### [Exercise description]
Wherever the records include pictures, skip them and transcribe all the rest word for word.

==============================

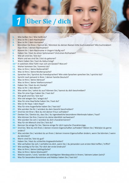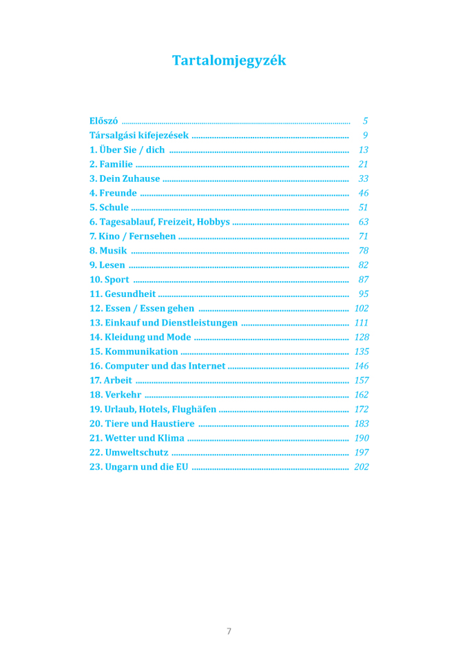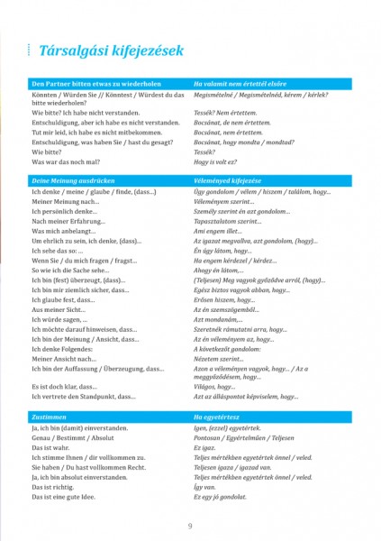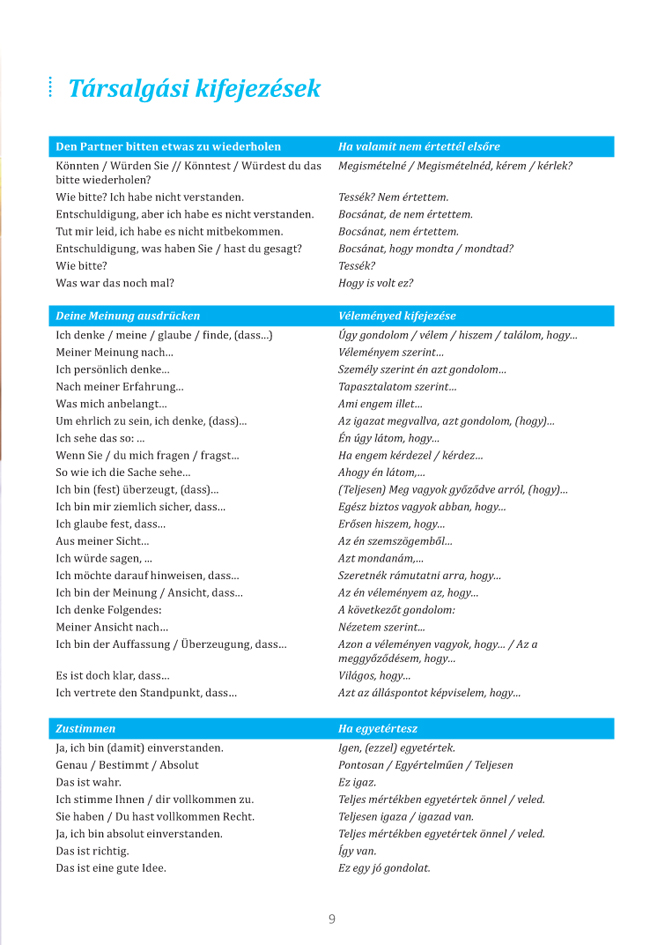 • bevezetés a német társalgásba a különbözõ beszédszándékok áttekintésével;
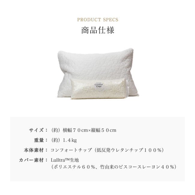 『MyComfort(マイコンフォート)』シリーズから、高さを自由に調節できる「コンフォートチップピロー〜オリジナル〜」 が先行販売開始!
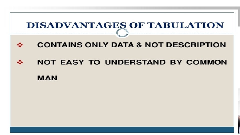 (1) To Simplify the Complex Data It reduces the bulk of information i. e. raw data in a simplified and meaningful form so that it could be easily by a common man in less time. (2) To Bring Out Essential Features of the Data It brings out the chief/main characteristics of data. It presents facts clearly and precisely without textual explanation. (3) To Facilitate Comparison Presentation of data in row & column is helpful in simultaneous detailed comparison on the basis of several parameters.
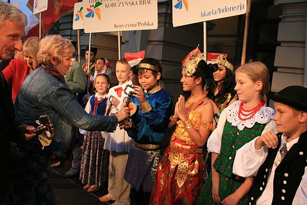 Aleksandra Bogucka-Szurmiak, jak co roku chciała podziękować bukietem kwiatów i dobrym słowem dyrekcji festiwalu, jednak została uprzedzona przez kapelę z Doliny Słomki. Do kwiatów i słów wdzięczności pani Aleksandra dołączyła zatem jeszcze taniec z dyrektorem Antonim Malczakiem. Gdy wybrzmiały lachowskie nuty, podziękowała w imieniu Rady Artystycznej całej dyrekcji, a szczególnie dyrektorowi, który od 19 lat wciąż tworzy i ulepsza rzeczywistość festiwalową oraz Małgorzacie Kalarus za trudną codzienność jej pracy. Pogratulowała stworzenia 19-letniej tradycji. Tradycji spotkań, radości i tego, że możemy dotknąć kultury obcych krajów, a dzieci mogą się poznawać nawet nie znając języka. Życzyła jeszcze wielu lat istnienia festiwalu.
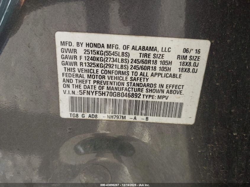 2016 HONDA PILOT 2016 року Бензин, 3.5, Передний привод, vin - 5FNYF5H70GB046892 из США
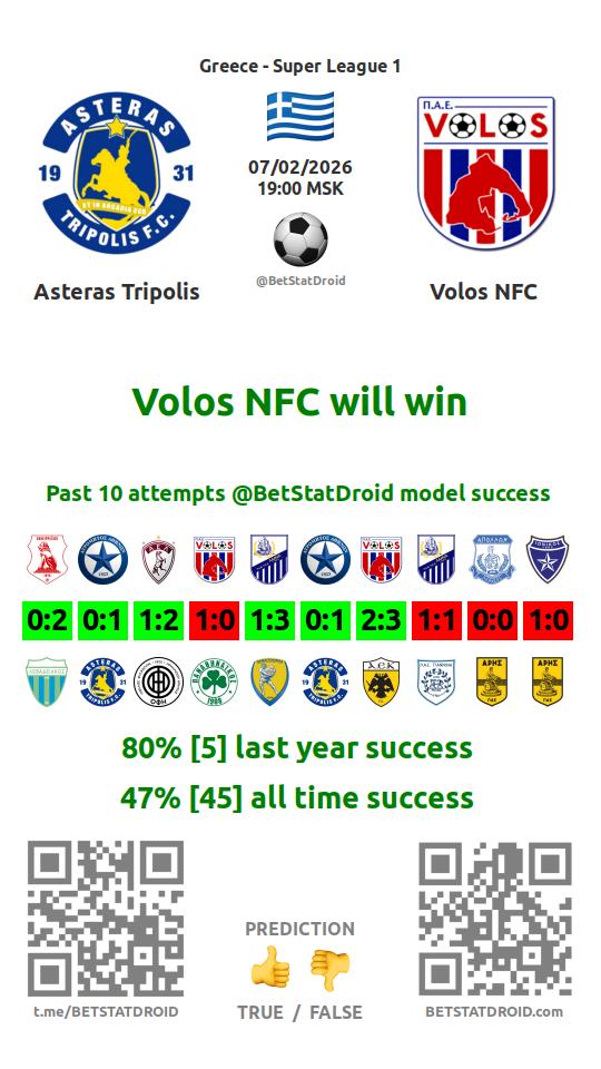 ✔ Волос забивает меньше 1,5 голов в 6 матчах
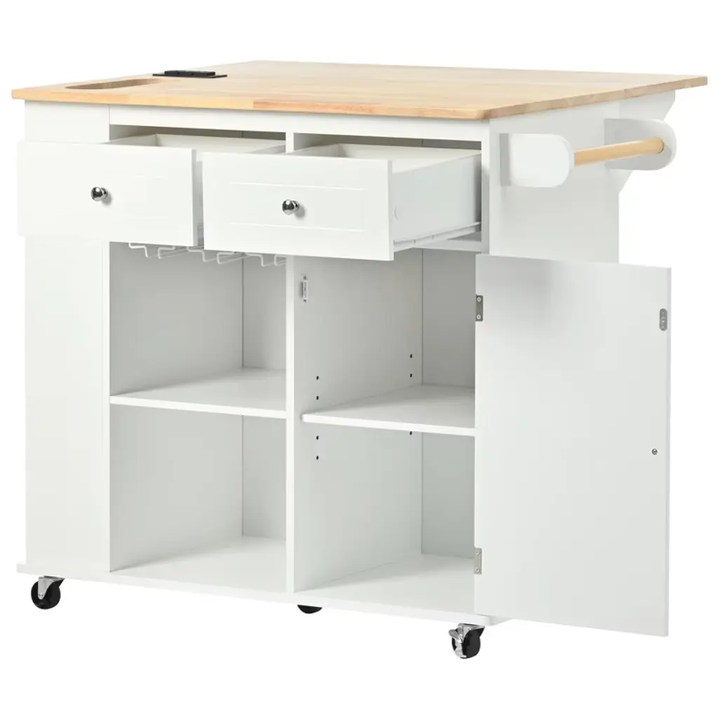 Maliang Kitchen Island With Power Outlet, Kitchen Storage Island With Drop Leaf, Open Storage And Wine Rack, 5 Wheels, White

==============================

### [Reply]
 • bevezetés a német társalgásba a különbözõ beszédszándékok áttekintésével;
 『MyComfort(マイコンフォート)』シリーズから、高さを自由に調節できる「コンフォートチップピロー〜オリジナル〜」 が先行販売開始!
 (1) To Simplify the Complex Data It reduces the bulk of information i. e. raw data in a simplified and meaningful form so that it could be easily by a common man in less time. (2) To Bring Out Essential Features of the Data It brings out the chief/main characteristics of data. It presents facts clearly and precisely without textual explanation. (3) To Facilitate Comparison Presentation of data in row & column is helpful in simultaneous detailed comparison on the basis of several parameters.
 Aleksandra Bogucka-Szurmiak, jak co roku chciała podziękować bukietem kwiatów i dobrym słowem dyrekcji festiwalu, jednak została uprzedzona przez kapelę z Doliny Słomki. Do kwiatów i słów wdzięczności pani Aleksandra dołączyła zatem jeszcze taniec z dyrektorem Antonim Malczakiem. Gdy wybrzmiały lachowskie nuty, podziękowała w imieniu Rady Artystycznej całej dyrekcji, a szczególnie dyrektorowi, który od 19 lat wciąż tworzy i ulepsza rzeczywistość festiwalową oraz Małgorzacie Kalarus za trudną codzienność jej pracy. Pogratulowała stworzenia 19-letniej tradycji. Tradycji spotkań, radości i tego, że możemy dotknąć kultury obcych krajów, a dzieci mogą się poznawać nawet nie znając języka. Życzyła jeszcze wielu lat istnienia festiwalu.
 2016 HONDA PILOT 2016 року Бензин, 3.5, Передний привод, vin - 5FNYF5H70GB046892 из США
 ✔ Волос забивает меньше 1,5 голов в 6 матчах
 Maliang Kitchen Island With Power Outlet, Kitchen Storage Island With Drop Leaf, Open Storage And Wine Rack, 5 Wheels, White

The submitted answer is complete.